スターバックスの復活劇の裏ではサードウェーブが迫っていた

90年代に一世を風靡したスターバックスコーヒー。1996年の日本出店を皮切りに、99年には韓国、中国へとアジア進出を果たします。そして21世紀、カフェ業界の王様となったスタバにも暗雲が立ち込めるのです。

 

ことの起こりはスターバックスコーヒーCEOのハワード・シュルツが退任した2000年に遡ります。

スタバは新たに新店舗を増やし続けた結果、コーヒーの品質を著しく下げてしまいます。

また、2007年には世界金融危機の余波を受け倒産寸前にまで追い込まれてしまうのです。そして2008年に事態を重く見たシュルツが復帰します。彼は全米のスターバックスを全店舗休業させ、従業員の再教育に取り組みます。

 

その結果、2011年のスターバックスは奇跡的とも言える業績回復を見せたのです。

 

――2000年代のスターバックスの歴史を振り返りましたが、シュルツ退任から始まったスタバの凋落はコーヒー業界に新たな“波”を呼ぶことになります。

それが“サードウェーブ”です。サードウェーブとは“マニュアル化され面白みのないシアトル系カフェではなく、コーヒー豆にこだわりを持ったバリスタが手作業でコーヒーを淹れる”ことに注目しようという流れです。

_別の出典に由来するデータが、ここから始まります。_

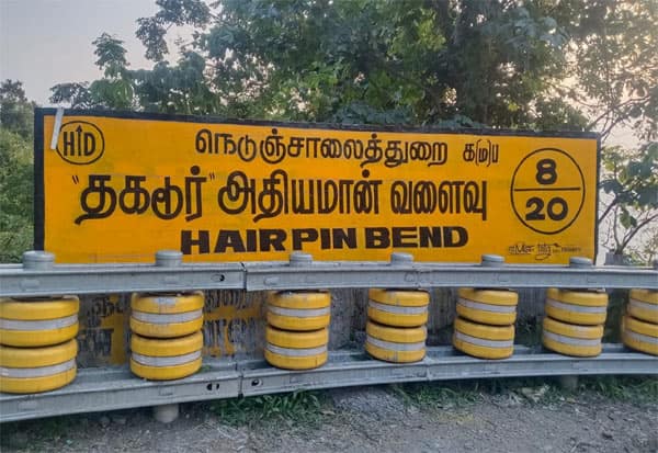 சேலம்: ஏற்காடு மலைப்பாதை 8வது கொண்டை ஊசி வளைவிற்கு தகடூர் அதியமான் வளைவு என்று நெடுஞ்சாலை துறை பெயரை எழுதி உள்ளது. மேலும் அங்கு போலீசார் பாதுகாப்பு பணியில் ஈடுபட்டுள்ளனர்.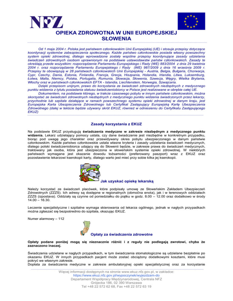 OPIEKA ZDROWOTNA W UNII EUROPEJSKIEJ SŁOWENIA Od 1 maja 2004 r. Polska jest państwem członkowskim Unii Europejskiej (UE) i stosuje przepisy dotyczące koordynacji systemów zabezpieczenia społecznego. Każde państwo członkowskie posiada własny powszechny system opieki zdrowotnej, dlatego wprowadzone zostały wspólne przepisy koordynujące zasady udzielania świadczeń zdrowotnych osobom uprawnionym na podstawie ustawodawstw państw członkowskich. Zasady te określają przede wszystkim: rozporządzenie Parlamentu Europejskiego i Rady (WE) 883/2004 z dnia 29 kwietnia 2004 r. oraz rozporządzenie Parlamentu Europejskiego i Rady (WE) 987/2009 z dnia 16 września 2009 r. Przepisy te obowiązują w 28 państwach członkowskich Unii Europejskiej - Austria, Belgia, Bułgaria, Chorwacja, Cypr, Czechy, Dania, Estonia, Finlandia, Francja, Grecja, Hiszpania, Holandia, Irlandia, Litwa, Luksemburg, Łotwa, Malta, Niemcy, Polska, Portugalia, Rumunia, Słowacja, Słowenia, Szwecja, Węgry, Wielka Brytania, Włochy oraz w państwach członkowskich EFTA - Islandia, Liechtenstein, Norwegia, Szwajcaria. Dzięki przepisom unijnym, prawo do korzystania ze świadczeń zdrowotnych niezbędnych z medycznego punktu widzenia z tytułu posiadania statusu świadczeniobiorcy w Polsce jest realizowane w obrębie całej UE. Dokumentem, na podstawie którego, w trakcie czasowego pobytu w innym państwie członkowskim, można skorzystać ze świadczeń zdrowotnych niezbędnych z medycznego punktu widzenia świadczonych przez lekarzy, przychodnie lub szpitale działające w ramach powszechnego systemu opieki zdrowotnej w danym kraju, jest Europejska Karta Ubezpieczenia Zdrowotnego lub Certyfikat Zastępujący Europejską Kartę Ubezpieczenia Zdrowotnego (dalej w tekście będzie używany skrót EKUZ, również w odniesieniu do Certyfikatu Zastępującego EKUZ) Zasady korzystania z EKUZ Na podstawie EKUZ przysługują świadczenia medyczne w zakresie niezbędnym z medycznego punktu widzenia. Lekarz udzielający pomocy ustala, czy dane świadczenie jest niezbędne w konkretnym przypadku, biorąc pod uwagę jego charakter oraz przewidywany okres pobytu ubezpieczonego w danym państwie członkowskim. Każde państwo członkowskie ustala własne kryteria i zasady udzielania świadczeń medycznych, dlatego polski świadczeniobiorca udający się do Słowenii będzie, w zakresie prawa do świadczeń medycznych, traktowany jak osoba, która jest ubezpieczona w słoweńskim systemie opieki zdrowotnej. W niektórych państwach wymagane jest okazanie dowodu tożsamości (preferowany paszport) wraz z EKUZ oraz pozostawienie lekarzowi kserokopii karty, dlatego warto jest mieć przy sobie kilka jej kserokopii. Jak uzyskać opiekę lekarską Należy korzystać ze świadczeń placówek, które podpisały umowę ze Słoweńskim Zakładem Ubezpieczeń Zdrowotnych (ZZZS). Ich adresy są dostępne w regionalnych (območna enota), jak i w terenowych oddziałach ZZZS (izpostava). Oddziały są czynne od poniedziałku do piątku w godz. 8.00 – 12.00 oraz dodatkowo w środy 14.00 – 16.30. Leczenie specjalistyczne i szpitalne wymaga skierowania od lekarza ogólnego, jednak w nagłych przypadkach można zgłaszać się bezpośrednio do szpitala, okazując EKUZ. Numer alarmowy – 112 Opłaty za świadczenia zdrowotne Opłaty podane poniżej mogą się nieznacznie różnić i z reguły nie podlegają zwrotowi, chyba że zaznaczono inaczej. Świadczenia udzielane w nagłych przypadkach, w tym świadczenia stomatologiczne są udzielane bezpłatnie po okazaniu EKUZ. W innych przypadkach pacjent może zostać obciążony dodatkowymi kosztami, które musi pokryć we własnym zakresie. Dopłata za świadczenia medyczne w zakresie ambulatoryjnej opieki specjalistycznej oraz za korzystanie Więcej informacji dostępnych na stronie www.ekuz.nfz.gov.pl, w zakładce: https://www.ekuz.nfz.gov.pl/wypoczynek/wyjezdzam-do Departament Współpracy Międzynarodowej, Centrala NFZ Grójecka 186, 02 390 Warszawa Tel +48 22 572 62 68, Fax +48 22 572 63 19 z leczenia szpitalnego, w zależności od rodzaju świadczeń wynosi 20% lub 30%, które jest liczone od całkowitego kosztu danego świadczenia. Dopłata za stomatologiczne leczenie protetyczne dorosłych wynosi 90%. Niektóre leki na receptę są bezpłatne, a za niektóre obowiązuje dopłata 30% , 90% lub 100% ceny. Dopłata za wyroby medyczne wynosi 30%, 90% lub 100% . W przypadku leczenia szpitalnego, produkty lecznicze są wydawane bezpłatnie jako nieodłączny element leczenia. Transport medyczny wymaga skierowania lekarza. Transport do szpitala na terytorium Słowenii w nagłych przypadkach jest bezpłatny. W innych przypadkach należy zapłacić 90% jego kosztów. Transport powrotny do Polski jest generalnie opłacany przez pacjenta. UWAGA! EKUZ nie zapewnia pokrycia kosztów transportu medycznego do Polski oraz obowiązujących na Słowenii opłat za świadczenia medyczne, dlatego aby uniknąć obciążenia tymi kosztami, wskazane jest wykupienie dodatkowego prywatnego ubezpieczenia. Recepty Lekarze, którzy zawarli umowy z ZZZS są uprawnieni do wystawiania recept na leki objęte refundacją. Leki można uzyskać w aptekach posiadających umowy z ZZZS, na podstawie recepty. Leczenie prywatne Koszty leczenia uzyskanego w placówce funkcjonującej poza publicznym systemem ochrony zdrowia na Słowenii pacjent pokrywa w całości we własnym zakresie. Dokumenty niezbędne do uzyskania zwrotu poniesionych kosztów W celu uzyskania zwrotu kosztów należy zwrócić się z wnioskiem do właściwego oddziału NFZ po powrocie do Polski. Do wniosku o zwrot kosztów należy załączyć: oryginały rachunków i dowodów zapłaty. Miejsce, gdzie w razie wątpliwości można uzyskać informacje Wszelkie informacje można uzyskać w regionalnych oddziałach Słoweńskiego Zakładu Ubezpieczeń Zdrowotnych (ZZZS), bądź w instytucji łącznikowej: Zavod za zdravstveno zavarovanje Slovenije (ZZZS) Miklošič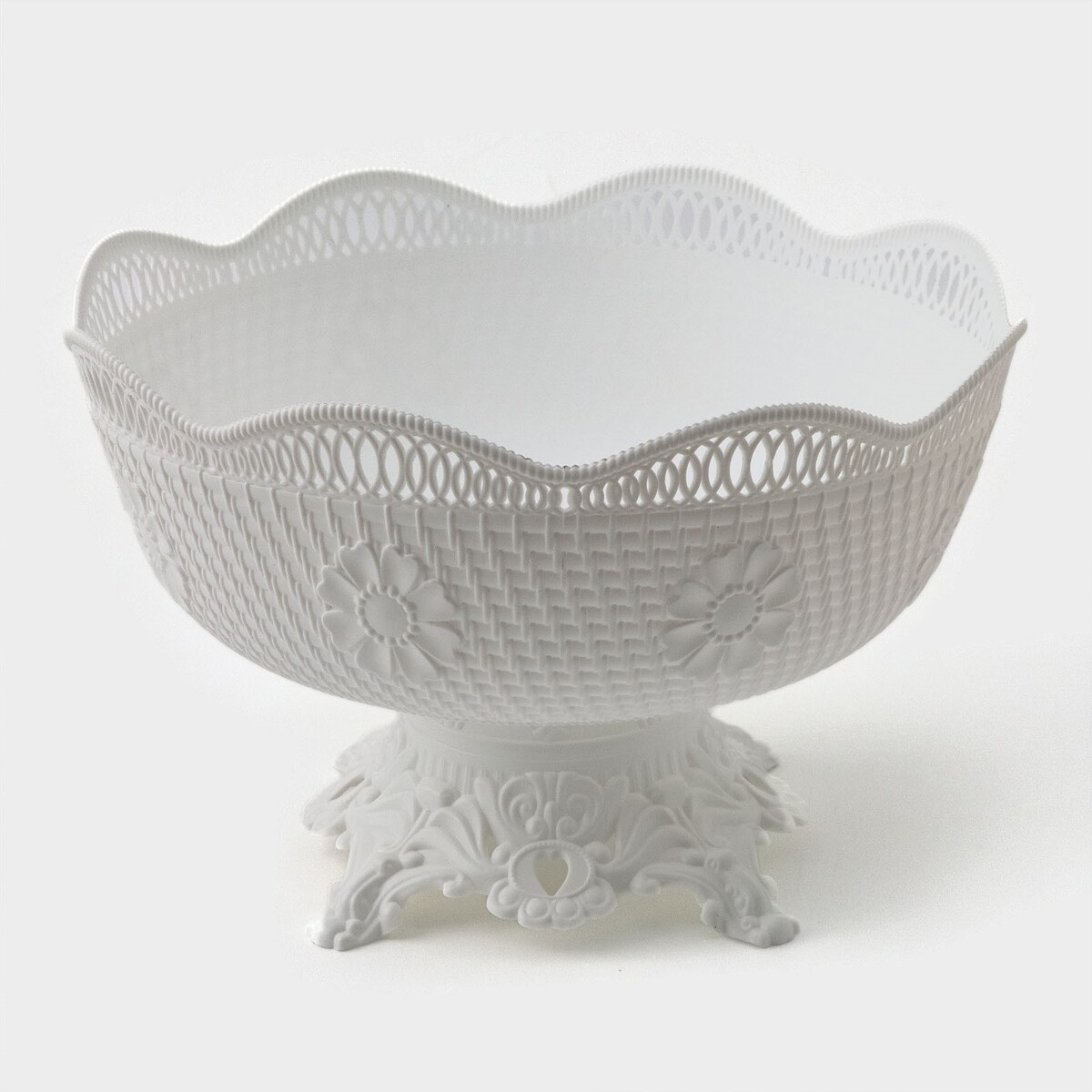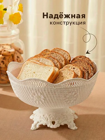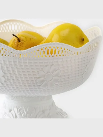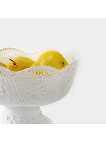 Ваза фруктовница на ножке, пластик, 26×17 см, белая. Элегантная сервировка стола - верный признак, по которому можно определить радушного хозяина. Блюдо универсальное, подойдет для подачи овощей, фруктов, хлеба, нарезок и других не горячих продуктов. Неповторимый дизайн украсит ваш стол и никого не оставит равнодушным своей красотой. Преимущества: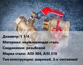 Кран металлический 1 1/4 нержавеющая сталь резьбовой Сталь: AISI 304, AISI 316 шаровой, 2-х составной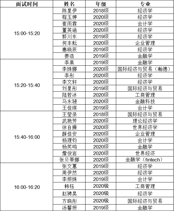 面试时间定于3月29日(周二)下午15:00,参加面试的同学按分组顺序依次展示。每位同学进行1分钟左右的个人陈述,评委会对个人提交的材料进行1分钟提问。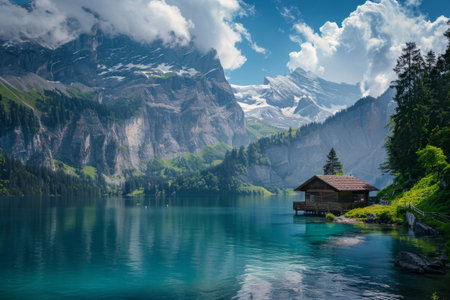 Oeschinnensee lake, wooden chalet and Swiss Alps, Berner Oberland, Switzerland banner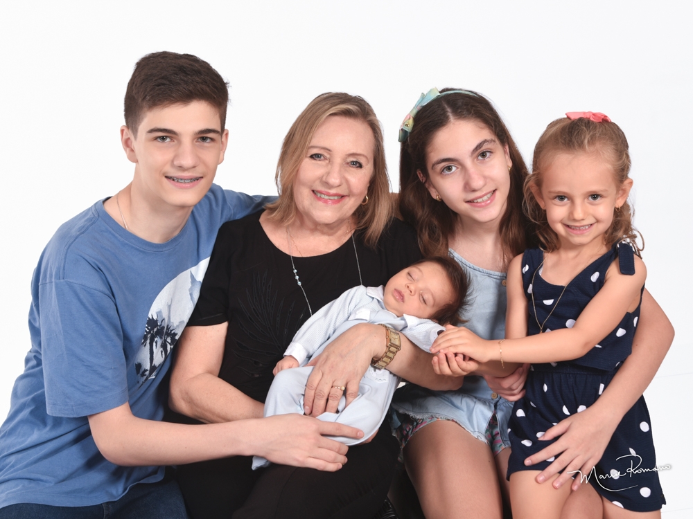 Régia Maluf exibe orgulhosa seus quatro netos, Marco Antonio, Maria Fernanda, Eduarda, e Henrique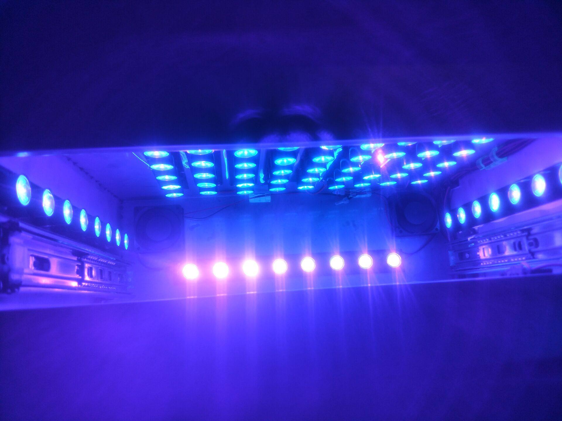 使用60-84颗395-365波段灯珠,左右上后4个方位对手机屏进行照射,能达到快速固化UV胶水作用,节能省电,定时操作,即使人不在机器身边,也能定时关闭机器!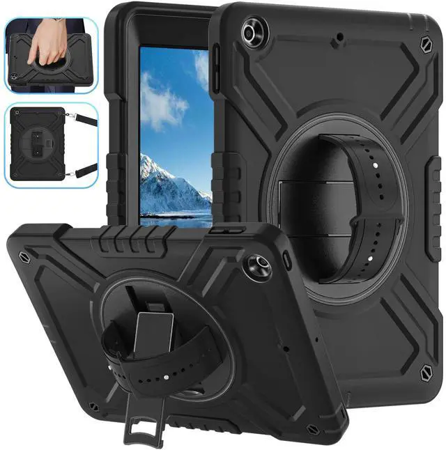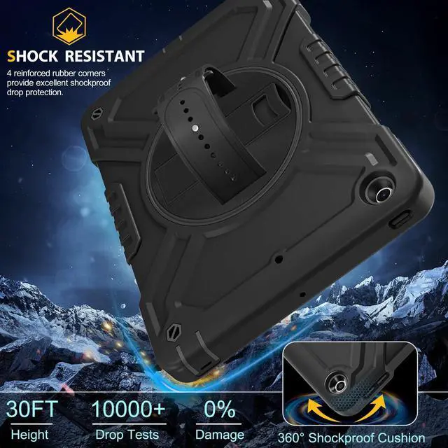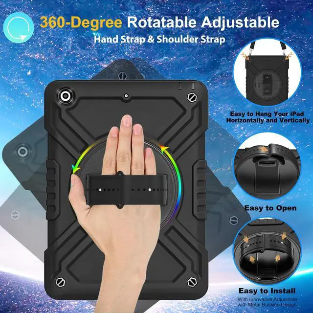 360 Degree Rotating & Multi-Angle Kickstand The iPad 5th/6th Generation case for kids features a built-in 360-degree swivel foldable sturdy kickstand. It supports multiple viewing angles, both vertical and horizontal, making it ideal for watching videos, typing, attending conferences, and drawing, all while keeping your hands-free. This sturdy kickstand can be easily folded when not in use ^^ Adjustable Hand Strap & Detachable Shoulder StrapThe adjustable silicone hand strap provides a comfortable and secure grip, making it a must-have feature when showcasing your iPad to others. The detachable shoulder strap offers added security when carrying your iPad during traveling, hiking, or other outdoor activities.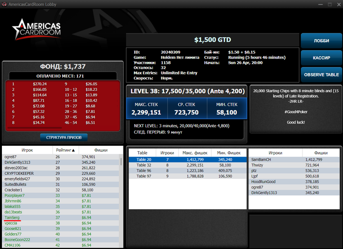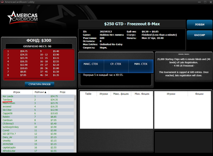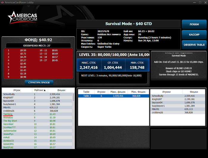 Денег лишних в такой ситуации нет. Вспомнил про старый рум, где у меня было около 3$ и за неделю оформил несколько финалок (одну выиграл) и множество дипранов. Итого БР вырос до 70$. Ах да, рум AmericasCardroom с множеством игроков из Америки. Очень нравится, что нет килополей и глубокие стеки во многих турнирах, в отличие от тех же ПС, где я до этого играл 90%
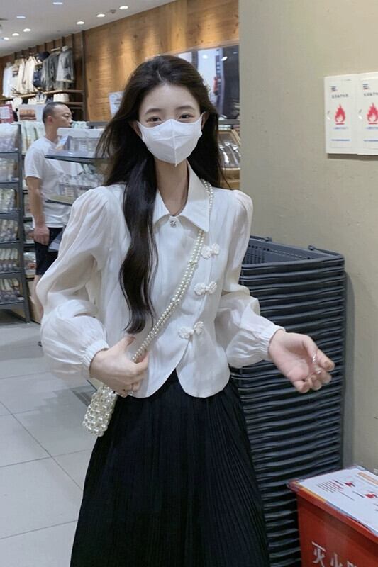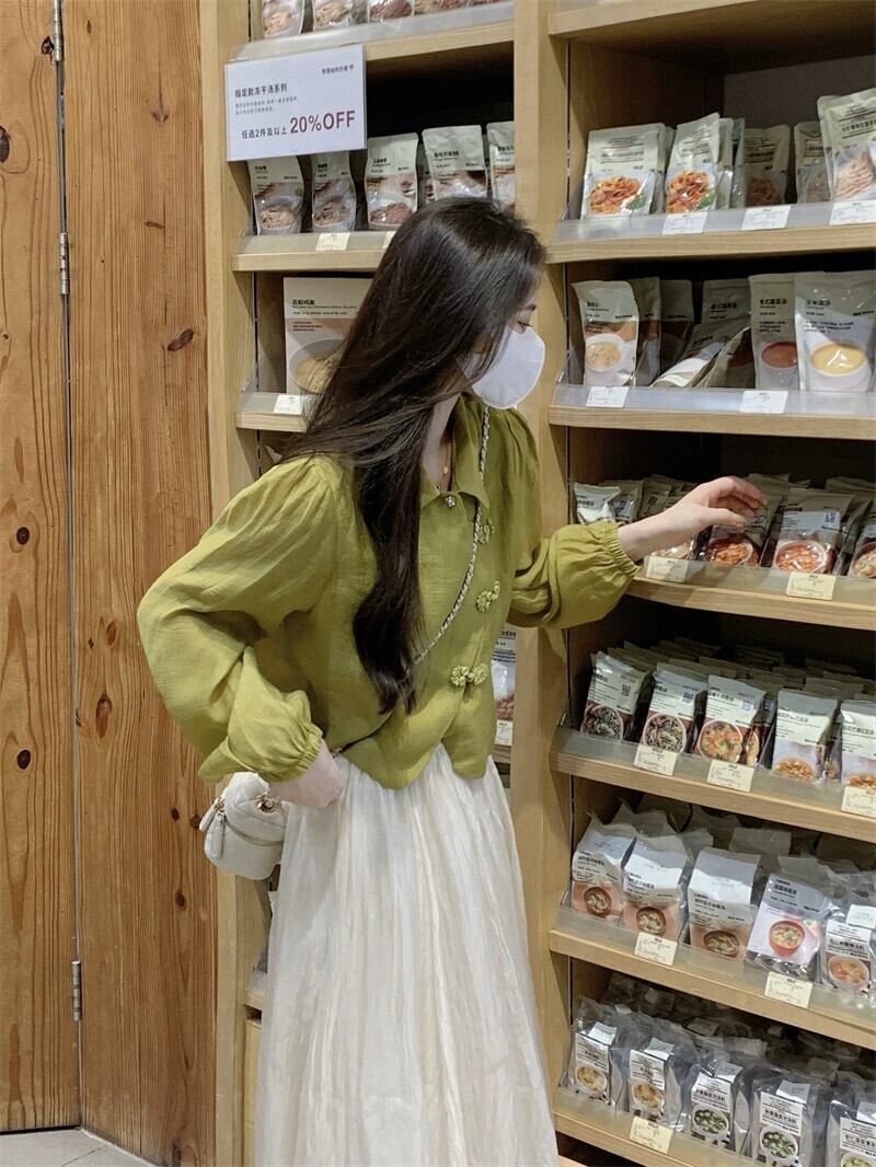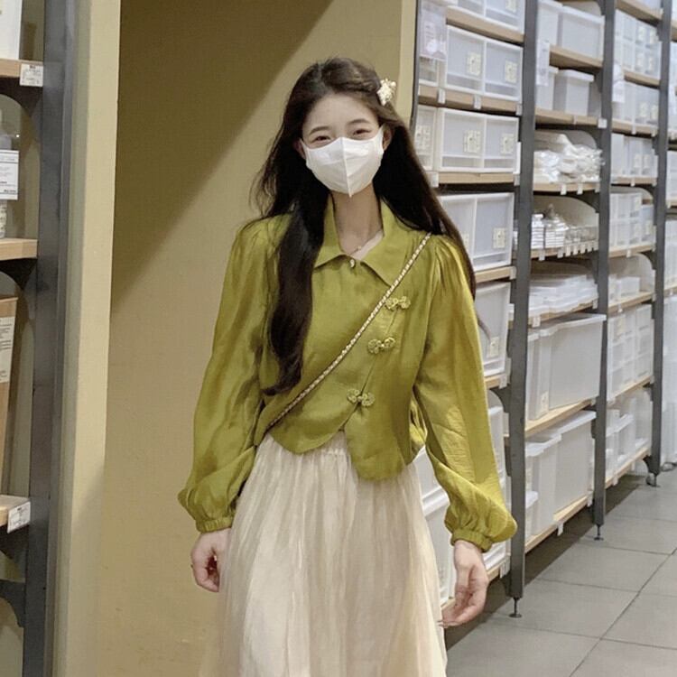 中国風シャツの女性の2023年初秋の新しいプレートボタンデザイン不規則なショートスタイルのハイエンド長袖トップ ロング オータム 秋物 missk2819331849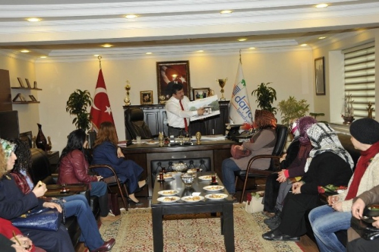 Kadın Kolları Başkanı Hülya Kodek ve yeni yönetimine nazik ziyaretlerinden dolayı teşekkür eden Başkan Karabacak görevlerinde başarılar diledi. Başkan Karabacak görev yaptıkları süre boyunca kadınlara yönelik bir çok önemli projeyi hayata geçirdiklerinin altını çizerken, yeni dönemde de bu yönde çalışmaları olduğunu müjdeledi. Başkan Karabacak, ”Yakın zamanda açılışını gerçekleştireceğimiz Kültür Merkezi’nde bayanlara yönelik spor aktivitelerinin düzenlenebileceği bir alan bulunuyor. Bunun yanısıra değişik mahallelerde devam eden fitness kursları, dikiş nakış kursları ve kültür evlerinde gerçekleştirdiğimiz etkinliklerle bayanların gelişimlerine katkı sunmayı amaçlıyoruz. Bayanlara yönelik yeni projelerle sizlere hizmet etmeye devam edeceğiz” dedi.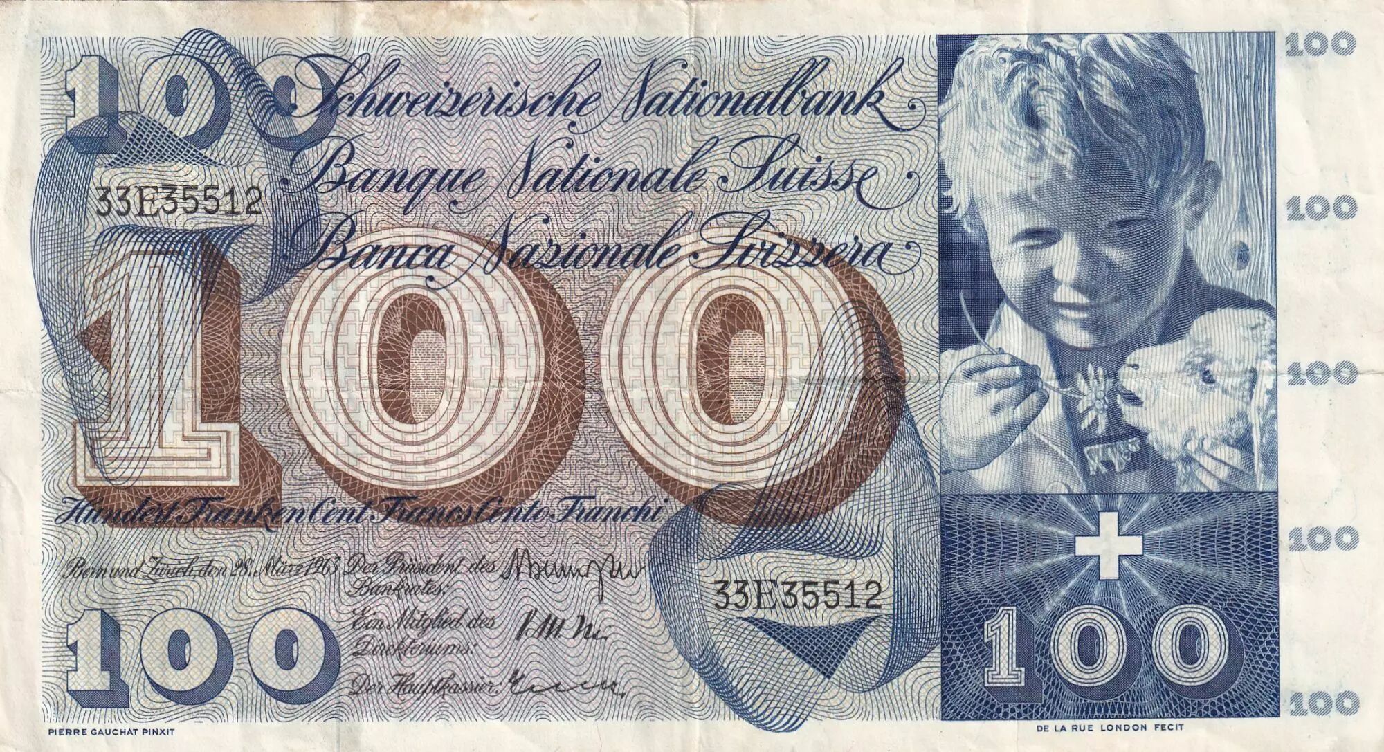 Home > > Switzerland 100 Francs Child St Martin - 28-03-1963 - Serial 33E

また、ジャーナリストのミッシェル・ワイスマンは“直接コーヒー農家に赴き、特定のコーヒー豆を買い付ける(ダイレクト・トレード)”というコーヒー業者の動きもサードウェーブだと提唱します。このサードウェーブの波に上手く乗ったと言われるのは小規模自家焙煎店としてオープンした「ブルーボトルコーヒー(2002年)」です。

 

時流に乗ったブルーボトルコーヒーは世界各地に店舗数を増やし、2015年には日本進出を果たします。

もちろん、ブルーボトルコーヒー以外にもサードウェーブの影響を受けたカフェは多く存在します。日本国内では「堀口珈琲」や「丸山珈琲」がいち早くサードウェーブの流れを取り入れたと言われています。

また、世界的に見て日本のコーヒー文化は“時代遅れ”という風潮がありましたが、2012年に作家のメリー・ホワイトが「キョート・コーヒー」や「コールド・ブリュー」といった日本独自の水出しコーヒーを紹介したところアメリカで大流行となります。

 

じつは、まだサードウェーブの定義は完全に定まっていないのですが、セカンドウェーブと比較してコーヒーやカフェの文化が大きく変化しているのは紛れもない事実です。

 

激動の21世紀。コーヒーはどのように歴史を刻んでいくのでしょうか。

 

コーヒーと共に歩こう

何世紀も昔、地上に現れたコーヒーが歴史という物語を紡ぎ、今も世界中で愛されています。

ときには政治利用され、またときにはトレンドに取り入れられもしましたが、本質である“美味しさ”はどの時代でも人々を惹きつけました。

これより先、フォースウェーブ、フィフス、シックスとコーヒー文化は発展を遂げると思います。

 

その文化――歴史に触れ“美味しいコーヒー”を飲むことができればそれ以上の幸せはないでしょう。